In 2017, Lupolova et al.3 trained a support vector machine to predict host of origin based on the accessory genome content of S. Typhimurium. Their model was able to distinguish human, avian, swine and bovine strains with an overall accuracy of 81%. Recently, Zhang et al.4 addressed the problem of source prediction using a different data set and machine learning algorithm. To test their algorithm, they gathered S. Typhimurium genomes from a wide range of sources, including isolates from eight zoonotic outbreaks. They trained a random forest model on core genome variation and accessory genome content of only the animal isolates, and then tested it on all isolates. The algorithm achieved 83% accuracy, and attributed 7 out of 8 zoonotic outbreaks to the correct source.
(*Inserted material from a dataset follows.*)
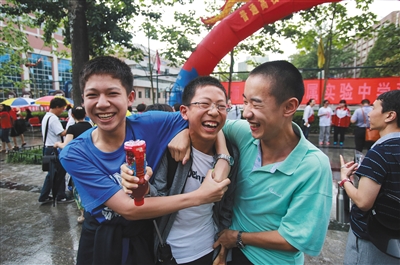 去年6月8日,高考结束后,在北师大附属实验中学参加高考的考生们开心地搂在一起。资料图片/新京报记者 彭子洋 摄

Despite the similar accuracy of the two models, they yielded contradictory conclusions. The model built by Lupolova et al. predicted that a surprising proportion of their strains were host-restricted. The highest accuracy (at 90%) was achieved for identifying strains of human origin. This seems to counter the notion that most S. Typhimurium infections in humans originate from animal sources, with adaptation to humans being associated with more severe disease outcomes2. Instead, the model suggests that these infections originate mostly from specialized, human-associated lineages. However, observations by Zhang et al. challenge this finding. They took a different approach, assuming that human isolates were likely to be zoonoses and therefore did not include humans as a possible source. Their algorithm confidently attributed one-third of human strains to a specific animal. To better compare the two approaches, they built another predictor that included humans as a source, which still assigned only one-third of human strains to human origins. Zhang et al. argue that this discrepancy is due to differences in strategies used to build their strain collections, specifically the care they took to exclude closely related isolates that were epidemiologically linked. Roughly one-third of the human isolates in their data set shared a nearest neighbour with another human strain, compared to 85% of the isolates in Lupolova et al.’s training data, consistent with the difference in prediction accuracies. Further, Zhang et al. found that by simply matching isolates to their nearest neighbour in the data set, around 70% of animal isolates, and 6 out of 8 zoonoses, could be correctly attributed.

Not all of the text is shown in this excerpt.